Ao mesmo tempo, a tecnologia digital pode trabalhar em prol da democracia encontrando as melhores soluções para questões tecnicamente complexas, sem necessariamente envolver a consulta direta aos eleitores. Em vez disso, os políticos podem usar o aprendizado de máquina para tornar mais fácil seu próprio trabalho, fazendo uso dele para testar previamente suas escolhas.

Hoje, a maioria das soluções propostas para a política consiste apenas em uma lista de coisas que os detentores de mandatos acham possível funcionar. A questão é saber se os eleitores irão defendê-las. A nova tecnologia tem o potencial de testá-las antes que os eleitores precisem se pronunciar, tornando mais provável a aprovar o que lhes for oferecido no final.

Não há nada nem de longe espontâneo nessas maneiras de fazer política. Mesmo reforçada pela tecnologia digital, qualquer forma de democracia sempre dá muito trabalho. A internet, por si só, não será capaz de reanimar a política democrática. Precisa ser aprovada através do sistema político já existente. Só a política pode resgatar a política.

Infelizmente, o sistema político existente tanto pode bloquear quanto estimular essas iniciativas. Nossa política se mantém tribal. Para cada solução potencial, haverá sempre um grupo de pessoas prontas a reclamar, e um grupo de políticos prontos a apoiá-las. A tecnologia digital corre o risco de reforçar esse tribalismo no mesmo momento em que tenta nos livrar dele.

Basta ver os lugares onde ocorrem experiências de democracia direta: San Francisco, Reykjavík, Estocolmo. Faz sentido, afinal. A “e-democracia” tem tudo a ver com meios urbanos que tendem a congregar cidadãos fluentes na tecnologia digital. Se a ideia deu certo em San Francisco, por que não a espalhar para o resto dos Estados Unidos? Justamente porque, se deu certo em San Francisco, boa parte do restante do país nem vai querer saber do que se trata.

Uma das coisas característica do conservadorismo republicano na política atual do Texas é um forte desejo de não virar uma Califórnia dos democratas. A definição californiana do que dá certo irá provocar a rejeição de muitos texanos.

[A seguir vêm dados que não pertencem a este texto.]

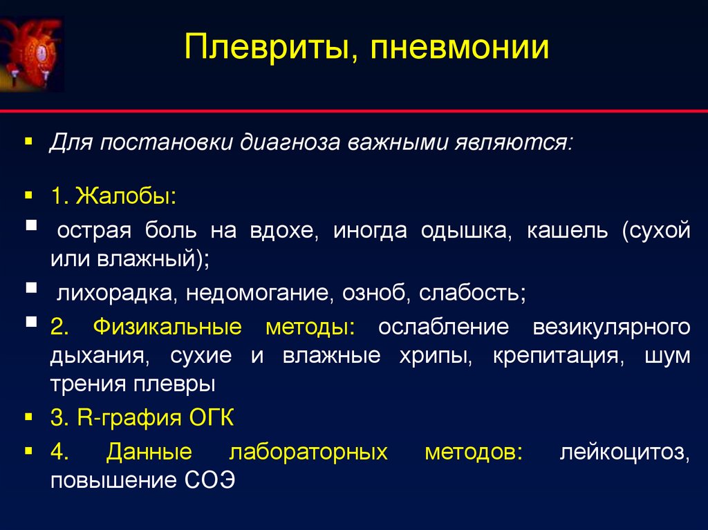 Плевриты, пневмонииДля постановки диагноза важными являются:

Uma das maiores divisões da democracia ocidental do século XX é produzida pela educação. Se alguém tiver cursado ou não uma faculdade, isso será mais determinante para o seu voto do que a idade, a classe ou o gênero. Foi assim na eleição de Trump, no plebiscito sobre o Brexit e na eleição de Macron.

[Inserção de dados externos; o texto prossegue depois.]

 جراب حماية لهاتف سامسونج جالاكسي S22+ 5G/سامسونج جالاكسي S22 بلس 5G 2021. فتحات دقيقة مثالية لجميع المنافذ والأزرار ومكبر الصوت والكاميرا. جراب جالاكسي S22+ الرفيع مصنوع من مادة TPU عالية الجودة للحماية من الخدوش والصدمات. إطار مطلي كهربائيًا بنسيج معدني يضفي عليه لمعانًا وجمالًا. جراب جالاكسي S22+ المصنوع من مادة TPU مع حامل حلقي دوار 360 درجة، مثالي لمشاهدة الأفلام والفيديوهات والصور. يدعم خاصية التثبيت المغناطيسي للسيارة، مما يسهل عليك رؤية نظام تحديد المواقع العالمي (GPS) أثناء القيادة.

As pessoas instruídas formam uma tribo. Tendem a se manter unidas. Podem achar que isso se deve ao fato de ter uma compreensão melhor de como o mundo funciona. Mas por isso provocam muita rejeição do outro lado: parecem confundir seu tribalismo com uma maior sabedoria.

Esse é o problema fundamental em ver a tecnologia digital como um avanço para a democracia representativa. Esperamos os políticos refletirem quem nós somos. As formas superiores de conhecimento prejudicam essa identificação por pessoas incultas, classificando as demais como esnobes. Na direita brasileira vigora o anti-intelectualismo populista.

David Runciman conclui o terceiro capítulo do livro “Como a democracia chega ao fim” com sua avaliação: “A revolução digital prometia muito para a política democrática, e até agora trouxe muito pouco. Ainda assim, seu potencial de transformação permanece praticamente ilimitado. E então precisamos enfrentar a pergunta mais difícil de todas. E se o que estiver entravando o progresso da política for a própria democracia? O que fazer?